Click to expand/hide SQL code for the 5 most suspicious transactions
```sql SELECT transaction_id, CUSTOMER_ID, TERMINAL_ID, formatted_datetime, prediction_probability FROM default.db_predictions_delta_table ORDER BY prediction_probability DESC LIMIT 5; ```
Click to expand/hide SQL code for all transactions from the 5 most suspicious cards
```sql -- All txs from the top 5 cards by average fraud probability WITH top5_cards AS ( SELECT CUSTOMER_ID AS card_id, AVG(prediction_probability) AS fraud_prob FROM default.db_predictions_delta_table GROUP BY CUSTOMER_ID ORDER BY AVG(prediction_probability) DESC LIMIT 5 ) SELECT * FROM default.db_predictions_delta_table WHERE CUSTOMER_ID IN (SELECT card_id FROM top5_cards); ```
Click to expand/hide SQL code for all transactions from the 5 most suspicious terminals
```sql -- All txs from the top 5 terminals by average fraud probability WITH top5_terminals AS ( SELECT TERMINAL_ID, AVG(prediction_probability) AS fraud_prob FROM default.db_predictions_delta_table GROUP BY TERMINAL_ID ORDER BY AVG(prediction_probability) DESC LIMIT 5 ) SELECT * FROM default.db_predictions_delta_table WHERE TERMINAL_ID IN (SELECT TERMINAL_ID FROM top5_terminals); ```
The result is an interactive dashboard where the user can select a date range and see all suspicious activity from that range. Due to the limitations of Databricks Free Edition, I can only provide static images of the page.
9.3 The dashboard page monitoring model performance
To monitor model performace, we generated two time series. The first tracks precision and recall over time. The second tracks the average predicted probability by fraud scenario, to see which types of fraud signals the model is picking up.
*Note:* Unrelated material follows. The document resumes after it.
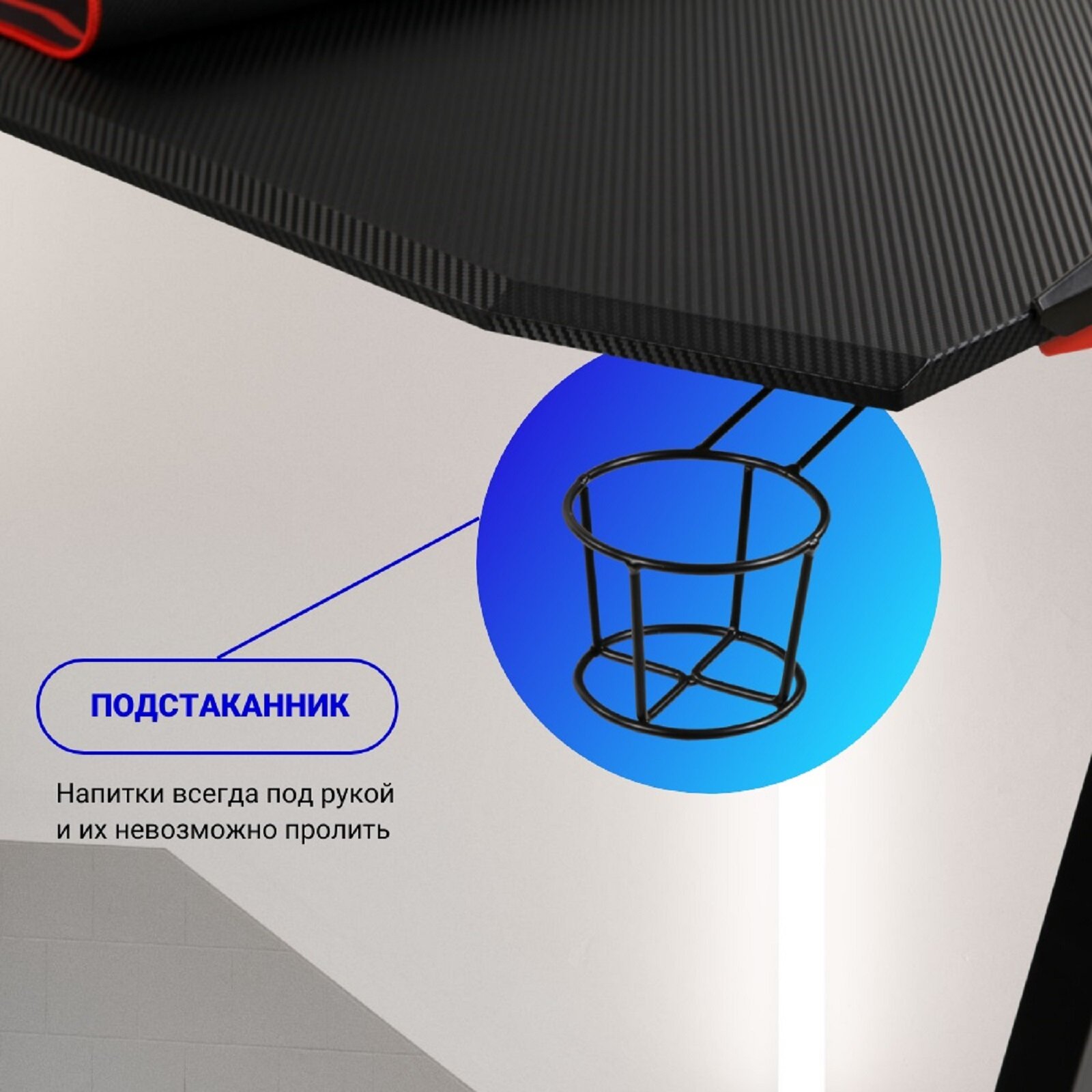 | Дополнительная информация | покрыта столешницы виниловой пленкой с текстурой «Карбон»; цветная подсветка с пультом; подставка под напитки, крючок для вещей и наушников, кабель-канал в столешнице, корзина для блока питания под столешницей; максимальная нагрузка на столешницу – 80 кг |

Click to expand/hide SQL code for daily model metrics
```sql SELECT date_trunc('day', TX_DATETIME) AS date, COUNT(*) AS total_transactions, SUM(TX_FRAUD) AS total_frauds, AVG(prediction_probability) AS avg_prediction_score, SUM(CASE WHEN prediction = 1 THEN 1 ELSE 0 END) AS predicted_frauds, SUM(CASE WHEN prediction = 1 AND TX_FRAUD = 1 THEN 1 ELSE 0 END) AS true_positives, SUM(CASE WHEN prediction = 1 AND TX_FRAUD = 0 THEN 1 ELSE 0 END) AS false_positives, SUM(CASE WHEN prediction = 0 AND TX_FRAUD = 1 THEN 1 ELSE 0 END) AS false_negatives, -- Compute precision and recall safely CASE WHEN SUM(CASE WHEN prediction = 1 THEN 1 ELSE 0 END) > 0 THEN SUM(CASE WHEN prediction = 1 AND TX_FRAUD = 1 THEN 1 ELSE 0 END)*1.0 / SUM(CASE WHEN prediction = 1 THEN 1 ELSE 0 END) ELSE NULL END AS precision, CASE WHEN SUM(TX_FRAUD) > 0 THEN SUM(CASE WHEN prediction = 1 AND TX_FRAUD = 1 THEN 1 ELSE 0 END)*1.0 / SUM(TX_FRAUD) ELSE NULL END AS recall FROM delta.`/Volumes/workspace/default/fraud_volume/db_predictions_delta_table` GROUP BY date ORDER BY date; ```
9.4 The dashboard page monitoring high-level tranasction activity
The final dashboard page simply tracks the numbers and amounts of transactions over time.